Kur’an-ı kerimin birçok yerinde Resulüme uyun buyuruluyor. Eğer Kur’anı herkes anlasaydı, (Resule uymaya lüzum yok, herkes Kur’andan anladığına uysun) denirdi. Aksine Kur’anın açıklanması istenerek buyuruluyor ki:
(İhtilafa düşülen şeyleri açıklayasın diye bu kitabı sana indirdik.) [Nahl 64]
Kur’an-ı kerimde, sadece (Allaha uyun) denmiyor. Resulüne de uyulması emrediliyor. (Resule itaat eden, Allaha itaat etmiş olur.) [Nisa 80] (Demek ki Resulullaha uymak Allaha uymaktan ayrı değildir.)
(Allah ve Resulüne itaat eden, en büyük kurtuluşa ermiştir.) [Ahzab 71]
(Resulüm de ki, “Bana uyun ki, Allah da sizi sevsin!”) [Al-i İmran 31]
(O, kendisine vahyedilenden başkasını söylemez.) [Necm 4]
(Ona uyun ki, doğru yolu bulasınız!) [Araf 158]
(O ümmi Peygamber, temiz şeyleri helâl, pis, çirkin şeyleri haram kılar.) [Araf 157] Demek ki Resulü de haram etme yetkisine sahiptir. Bir hadis-i şerifte buyuruluyor ki: (Peygamberin haram kılması, Allahın haram kılması gibidir.) [Tirmizi]
(Peygamberin verdiğini alın, yasak ettiğinden sakının!) [Haşr 7]
(Allaha ve Resûlüne karşı gelen kâfirler, bilsin ki, Allahın azabı çok şiddetlidir.) [Enfâl 13]
(Allahın yolu ile, peygamberlerin yolunu farklı göstermek isteyenler kâfirdir.) [Nisa 150-1]
(De ki, “Allaha ve Peygambere uyun! Eğer [uymayıp] yüz çevirirlerse, [kâfir olurlar] Allah da kâfirleri sevmez.) [A. İmran 32] (Hadis-i şeriflerde de buyuruldu ki:
(Yakında, “Allahın kitabının dışında uyacağımız bir şey tanımıyorum” diyenler çıkacaktır.) [Ebu Davud]
(Bir zaman gelir, beni yalanlayanlar çıkar. Bir hadis söylenince, “bunu bırak, Kur’andan söyle” derler.) [Ebu Yala]
(Bir zaman gelir, sünnetimi öldüren kimseler çıkacak. Allah bunlara lanet etsin!) [Deylemi]
(Sünnetimden yüz çeviren benden değildir.) [Müslim]
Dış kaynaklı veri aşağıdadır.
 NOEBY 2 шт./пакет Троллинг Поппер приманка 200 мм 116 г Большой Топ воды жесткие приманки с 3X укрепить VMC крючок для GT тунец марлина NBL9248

(Bana uyan cennete girer, uymayan, isyan eden cennete giremez.) [Buhari] (Sünnetten yüz çevirip yalnız Kur’an diyenlerin kâfir olduklarını bu âyetler ve hadis-i şerifler açıkça bildirmektedir.)
(Anlaşamadığınız bir işin hükmünü Allaha [Kur’ana] ve Resulüne [Sünnete] arz edin!) [Nisa 59] (Yani, bir işte anlaşamazsanız, bu işin nasıl yapılacağını âlimler, Kur’an ve sünnetten anlasınlar, âlim olmayan ise, âlimlere uyarak yapsın demektir. R. V. Hindi)
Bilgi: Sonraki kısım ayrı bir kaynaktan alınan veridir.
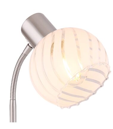 Stona lampa serije WILLY ističe se kombinacijom dizajna i izrade. Kombinacija nikl-mat metala i okruglog providnog belog, žleba i prugastog stakla osigurava odličan izgled. Spot je opremljen E27 grlom, koje vam omogućava da sami odredite sijalicu (max.40W) kako biste se odlučili na intenzitet svetlosti i boju svetla. Osim toga, ova stona lampa ima prekidač za uključivanje/isključivanje i kabl dugačak 1,5 metara, što omogućava fleksibilnu promenu položaja ove lampe. Sa drugim modelima iste serije proizvoda, sliku možete upotpuniti u svojim sobama.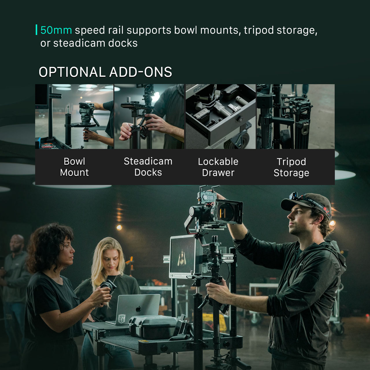 - A wide range of optional accessories that let you expand the cart into a camera workstation, focus pulling station, DIT hub, or even a mobile workshop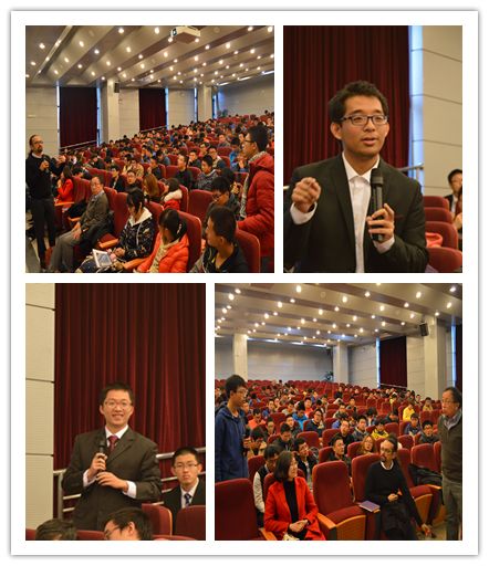 开幕式后,Paulo Lima-Filho教授和周建新教授分别带来了精彩的讲座。Lima-Filho教授从最基本的Euler公式讲起,逐渐引出Dilogarithm函数和Riemann Zeta函数等内容。报告循序渐进,使员工们大开眼界。周建新教授简要介绍了美国德克萨斯A&M大学,讲述了数学在当今社会的重要地位并鼓励同学们开拓进取积极申请去世界一流的数学学院深造。讲座后,两位教授悉心回答了同学们的提问。

Resulullaha uymanın önemi anlaşılınca, Kur’an-ı kerimin açıklaması olan hadis-i şeriflere de uymanın gereği anlaşılır. Sünnet, [hadis-i şerifler] olmasaydı, namazların kaç rekat olduğu ve nasıl kılınacağı, zekât, orucun, haccın farzları, hukuk bilgileri bilinemezdi. Yani hiç kimse, bunları Kur’an-ı kerimden çıkaramazdı. Şu halde Kur’anı anlamak için, onun açıklaması olan hadis-i şeriflere ihtiyaç vardır. Hadis-i şerifleri de anlamak için âlimlere ihtiyaç vardır. Allahü teâlâ, (Peygambere sorun, âlimlere sorun) buyuruyor. Sapıklar, biz de anlarız diye inat ediyorlar. Herkes Kur’anı anlayabilseydi o zaman peygambere ne lüzum kalırdı? Eğer herkes Kur’an-ı kerimi doğru anlasaydı, 72 sapık fırka meydana çıkmazdı. Kur’an-ı kerimde buyuruluyor ki:
(Eğer onun hükmünü peygambere veya ülül-emre [yetkililere, âlimlere] sorsalardı, öğrenmiş olurlardı.) [Nisa 83]
(Verdiğimiz bu misalleri ancak âlim olanlar anlar.) [Ankebut 43]
(Bilmiyorsanız âlimlere sorun.) [Nahl 43]
(Allahtan en çok korkan âlimlerdir.) [Fatır 28]
Bu âyetler, Kur’anı anlamak için âlimlerin açıklamasına da ihtiyaç olduğunu bildirmektedir.